- Capital: Hubat??
- Common languages: Harla
- Religion: Traditional religion(s); (before c. 701) Islam; (after c. 701)
- Government: Monarchy
- • Established: 501
- • Disestablished: 1500
|  | Succeeded by |
|  | Makhzumi dynasty / ; Harar / |
- Today part of: Ethiopia Djibouti Somalia

= Harla kingdom =

Middle-Age state in modern eastern Ethiopia

The Harla kingdom was a sixth-century Harla state centered around what is present day eastern Ethiopia. It is regarded as the most powerful state in the region after the fall of the adjacent Kingdom of Axum in the 7th century. Its territory stretched from Great Rift Valley in southern Ethiopia to the northern area of modern Djibouti prior to the advent of Islam in the region. Timothy Insoll identifies the Harlaa ruins to be Hubat the capital of the Harla state, a subordinate of Ifat Sultanate in the thirteenth century and later under the Adal Sultanate as an autonomous tribal confederation in the fifteenth century. Researcher Dominico Patassini states the Harla kingdom was succeeded by Harar city-state in the sixteenth century.

==History==
The kingdom had trading relations with the Ayyubid and Tang dynasties. It also established its own currency and calendar. Early Muslim states in the Horn of Africa such as the Makhzumi dynasty had their bases within Harla territories. In the Islamic period the state is recorded by Ethiopian as well as Arab medieval writers including al-Mufaddal ibn Abi al-Fada'il and Ibn Sa'id al-Maghribi. According to historian Mohammed Hassen a power struggle had developed in the early sixteenth century between Harla state leaders and the Walashma dynasty.

Recent excavations indicated consumption of wild pigs were prevalent in Harla as opposed to in neighboring kingdom of Aksum. The excavations were done by the Institute of Arab and Islamic Studies of the University of Exeter as part of the Becoming Muslim project at the urban sites of Harlaa in 2017–2019, Harar in 2014–2018, and Ganda Harla 2014, located in the eastern part of Ethiopia. Substantial assemblages of faunal remains were recovered over the seasons.

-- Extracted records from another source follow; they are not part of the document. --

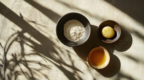 Sunlit ingredients in bowls: Flour, potato, and oil, ready for cooking on textured surface
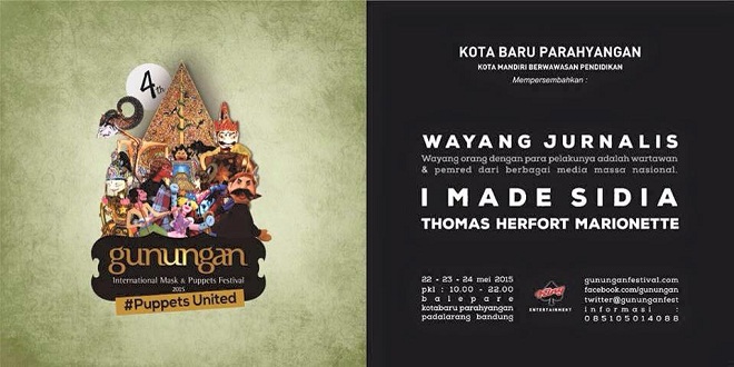 Wayang Jurnalis – Gunungan International Mask & Puppets Festival 2015 dengan tema #PuppetsUnited. Acara ini merupakan pentas wayang orang dengan para pelakunya adalah wartawan dan pemred dari berbagai media massa nasional.
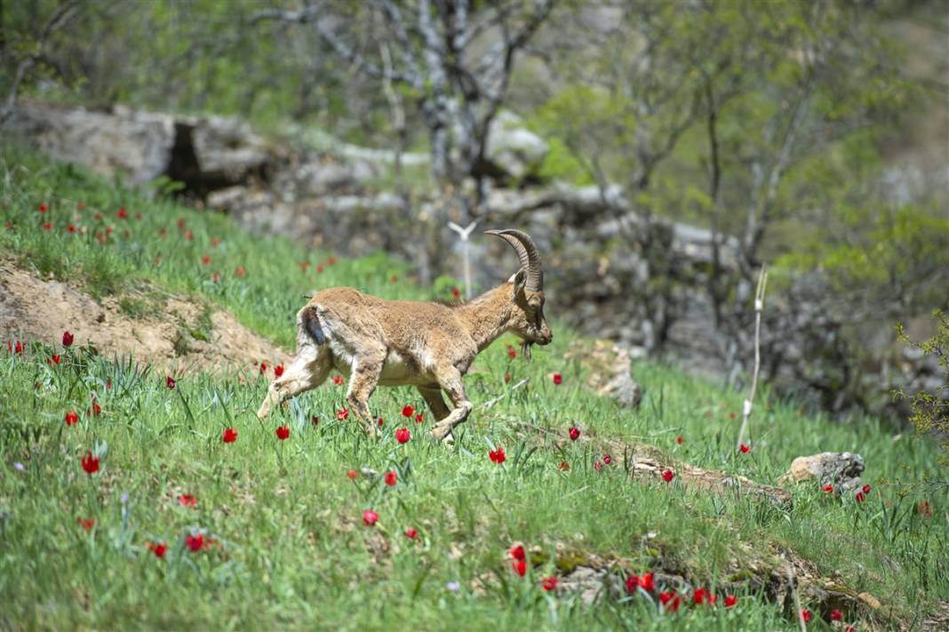 Nesli tükenme tehlikesi altında olduğu için koruma altında alınan ve avlanması yasak olan yaban keçileri, ilkbaharın gelişiyle otlakların yeşerdiği Munzur Vadisi Milli Parkı’nda otlanırken görüntülendi.
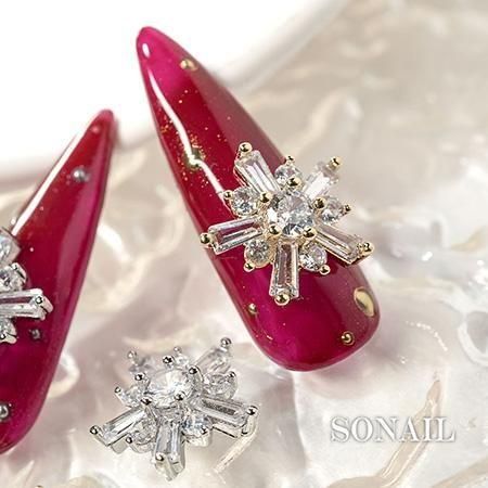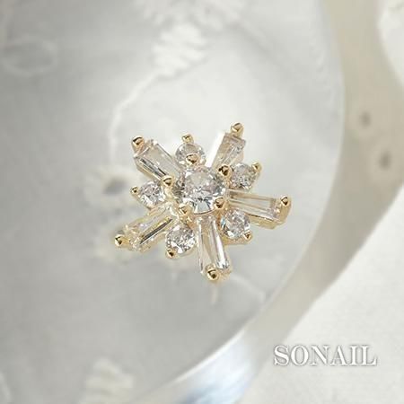 様々な形のクリスタルがを花状に組み合わせたデザイン。
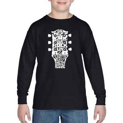 LA Pop Art Boy's Word Art Long Sleeve - Heavy Metal Genres Black Medium
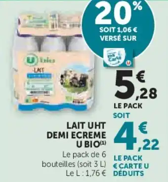 Actuellement en offre chez Super U : Lait uht demi ecreme u bio ✅ Valable du 17-02 au 1-03.
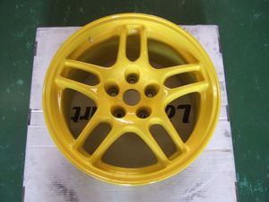 の、純正アルミホイールをパンチの効いたイエローに
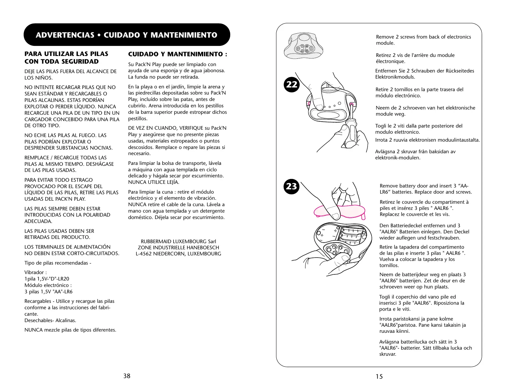 NO DEBEN ESTAR CORTO-CIRCUITADOS. Tipo de pilas recomendadas - Vibrador : Tpila 1,5V-"D"-LR20 Médulo electrénico : 3 pilas 1,5V "AA'-LR6 Recargables - Utilice y recargue las pilas conforme à las instrucciones del fabri- cante. Desechables- Alcalinas. NUNCA mezcle pilas de tipos diferentes. CUIDADO Y MANTENIMIENTO : Su Pack'N Play puede ser limpiado con ayuda de una esponja y de agua jabonosa. La funda no puede ser retirada. En la playa o en el jardin, limpie la arena y las piedrecillas depositadas sobre su Pack N Play, inclufdo sobre las patas, antes de cubrirlo. Arena introducida en los pestillos de la barra superior puede estropear dichos pestillos. DE VEZ EN CUANDO, VERIFIQUE su PacKN Play y asegürese que no presente piezas usadas, materiales estropeados o puntos descosidos. Remplace o repare las piezas si necesario. Para limpiar la bolsa de transporte, lévela à mquina con agua templada en ciclo delicado y hägala secar por escurrimiento. NUNCA UTILICE LEJIA. Para limpiar la cuna : retire el médulo electrônico y el elemento de vibraciôn. NUNCA retire el cable de la cuna. Lâvela a mano con agua templada y un detergente doméstico. Déjela secar por escurrimiento. RUBBERMAID LUXEMBOURG Sarl

The Harlaa archaeological site is located 40 km north-west of Harar and 15 km southeast of Dire Dawa and is the ‘Harla’ stone-built towns and funerary monuments whose origins are ascribed by the Oromo people to a legendary ancient race of giants who occupied the region before the Oromo arrived in the area. Harlaa was a large urban centre covering an area of around 500m east to west and 900m north to south excluding outlying cemeteries. It was composed of several elements including a central settlement area, workshops, three early mosques, wells, lengths of fortification wall, and cemeteries to the north, east, and west. Harlaa predates both Harar and Ganda Harlaa and provided the longest chronology with dates spanning between the mid-sixth and early fifteenth century.

The Harar site is situated in the Harar Plateau in a more heavily vegetated landscape, having an area of 1000×800 m, and at its core the historic city of Harar which is surrounded by a wall and is accessed by five gates. The excavations indicated that occupation in Harar postdated the fifteenth century and that the city and its mosques were linked with the establishment of Harar as the capital of the Sultanate of Adal.

The Ganda Harla is an abandoned settlement located 12.5 km southeast of Harar on a hill west of the village of Sofi and is linked with the Harla in local tradition. The zooarchaeological data indicated the inhabitants were hunters of wild animals in open terrain and scrub hillsides with the exception of Kobus kob which are more commonly found at lower elevations such as in valleys and riverine grasslands. The locals also kept domesticated animals such cattle (Bos taurus/indicus), goat (Capra hircus), sheep, and transport livestock such as donkey, horse and camel. The excavations also uncovered significant evidence for manufacturing and participation in regional and international Red Sea and western Indian Ocean trade networks. The study concluded the inhabitants use of heavy knives and carcass dismemberment showed they had cultural commonalities with the Islamic world of Arabia, Anatolia, Mesopotamia, Levant, and Iberia despite the lack of butchery discussions in zooarchaeological literature from the Islamic world and their non-observance of Islamic dietary laws.